"Speaker Gingrich has demonstrated that he understands the unique nature of interactive media such as the Internet," said CDT Executive Director Jerry Berman. "Gingrich's leadship on this issue will assure that new interactive media will be free to grow without unproductive government intrusion, and that the First Amendment rights of users will be protected."
The statement from the Republican leader came on the same day that Rep. Chris Cox (R-CA) and Rep. Ron Wyden (D-OR) announced that they are developing a different approach to the problem of children's access to controversial material on the Internet. Cox and Wyden say that they seek to encourage the development of blocking and filtering technologies that empower parents to screen the material to which their children have access.
At the same time, they hope to keep the growing Internet free from intrusive and ineffective regulation by the Federal Communications Commission.
"Along with the Speaker, Congessmen Cox and Wyden know that federal content censorship such as has existed in radio and television mass media will not be effective at protecting children," said Daniel Weitzner, CDT Deputy Director. "In the decentralized, global Internet environment, we must rely on user control technology to enable users and parents to determine for themselves the information that they and their children receive."
The Exon Internet censorship bill was strongly opposed in the Senate by Senator Patrick Leahy (D-VT) and Senator Russell Feingold (D-WI). The Exon/Coats bill was approved, however, by the Senate last week and is still awaiting House action.
Gingrich made his remarks (attached below) last night on a national television show, the Progress Report carried on National Empowerment Television during a discussion with Rep. Bob Walker (R-PA) and Progress and Freedom Foundation Chairman Jay Keyworth.

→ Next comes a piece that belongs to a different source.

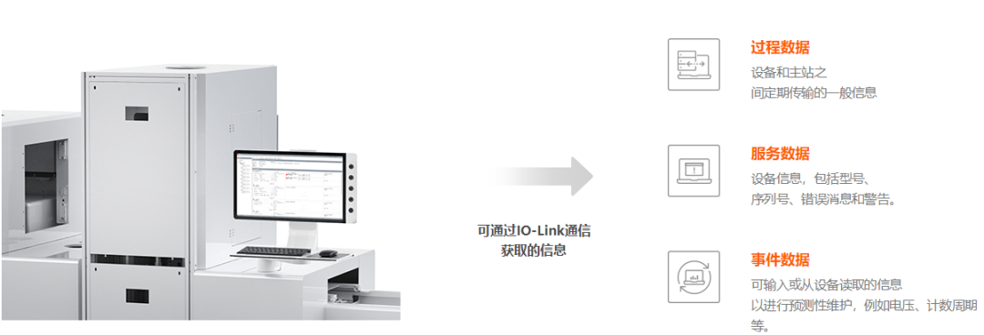 IO-Link通信傳感器不僅可以監(jiān)視ON/OFF信號(hào),還可以監(jiān)視傳感器使用時(shí)間、斷開連接和通信狀態(tài)等診斷數(shù)據(jù)。

"I think that the Amendment you referred to by Senator Exon in the Senate will have no real meaning and have no real impact and in fact I don't think will survive. It is clearly a violation of free speech and it's a violation of the right of adults to communicate with each other. I don't agree with it and I don't think it is a serious way to discuss a serious issue, which is, how do you maintain the right of free speech for adults while also protecting children in a medium which is available to both? That's also frankly a problem with television and radio, and it's something that we have to wrestle with in a calm and mature way as a society. I think by offering a very badly thought out and not very productive amendment, if anything, that put the debate back a step."